(Dataset records Opens)

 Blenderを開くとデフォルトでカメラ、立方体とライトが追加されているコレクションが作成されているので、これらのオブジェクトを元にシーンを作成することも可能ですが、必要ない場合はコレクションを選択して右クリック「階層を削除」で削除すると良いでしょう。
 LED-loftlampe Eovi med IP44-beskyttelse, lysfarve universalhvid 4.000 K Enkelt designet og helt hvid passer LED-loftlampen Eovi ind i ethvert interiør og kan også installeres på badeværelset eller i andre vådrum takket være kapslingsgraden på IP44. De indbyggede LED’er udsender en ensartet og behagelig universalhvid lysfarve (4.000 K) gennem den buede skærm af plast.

(Dataset records Closes)
(Dataset records Opens)

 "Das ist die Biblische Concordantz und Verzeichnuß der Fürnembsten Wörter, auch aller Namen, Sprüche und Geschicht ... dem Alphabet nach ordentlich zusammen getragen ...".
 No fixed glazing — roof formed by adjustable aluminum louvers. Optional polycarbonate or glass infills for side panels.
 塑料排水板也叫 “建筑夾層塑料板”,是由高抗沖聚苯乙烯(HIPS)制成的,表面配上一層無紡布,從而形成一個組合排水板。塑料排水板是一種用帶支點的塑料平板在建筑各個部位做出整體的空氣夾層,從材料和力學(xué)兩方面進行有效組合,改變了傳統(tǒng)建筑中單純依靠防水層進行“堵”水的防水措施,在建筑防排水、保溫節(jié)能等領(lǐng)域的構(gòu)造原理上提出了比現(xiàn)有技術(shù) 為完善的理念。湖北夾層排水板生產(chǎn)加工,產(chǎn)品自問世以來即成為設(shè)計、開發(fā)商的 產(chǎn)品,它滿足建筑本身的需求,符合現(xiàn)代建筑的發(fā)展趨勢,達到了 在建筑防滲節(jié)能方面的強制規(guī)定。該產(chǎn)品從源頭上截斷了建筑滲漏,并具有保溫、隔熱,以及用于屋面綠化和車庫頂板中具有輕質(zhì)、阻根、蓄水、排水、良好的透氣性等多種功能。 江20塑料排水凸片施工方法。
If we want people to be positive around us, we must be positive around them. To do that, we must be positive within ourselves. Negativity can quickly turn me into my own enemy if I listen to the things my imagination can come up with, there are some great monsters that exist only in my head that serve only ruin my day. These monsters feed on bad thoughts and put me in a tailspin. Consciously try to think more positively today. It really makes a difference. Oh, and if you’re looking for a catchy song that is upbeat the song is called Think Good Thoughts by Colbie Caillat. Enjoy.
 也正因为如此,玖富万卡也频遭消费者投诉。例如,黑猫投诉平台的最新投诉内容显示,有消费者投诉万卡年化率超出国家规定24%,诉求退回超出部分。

(Dataset records Closes)

What to do →
Working from the records above, write out verbatim only the lines from the line containing "Blenderを開くとデフォ" through the line containing "LED-loftlampe Eovi med".

Answer to this task →
 Blenderを開くとデフォルトでカメラ、立方体とライトが追加されているコレクションが作成されているので、これらのオブジェクトを元にシーンを作成することも可能ですが、必要ない場合はコレクションを選択して右クリック「階層を削除」で削除すると良いでしょう。
 LED-loftlampe Eovi med IP44-beskyttelse, lysfarve universalhvid 4.000 K Enkelt designet og helt hvid passer LED-loftlampen Eovi ind i ethvert interiør og kan også installeres på badeværelset eller i andre vådrum takket være kapslingsgraden på IP44. De indbyggede LED’er udsender en ensartet og behagelig universalhvid lysfarve (4.000 K) gennem den buede skærm af plast.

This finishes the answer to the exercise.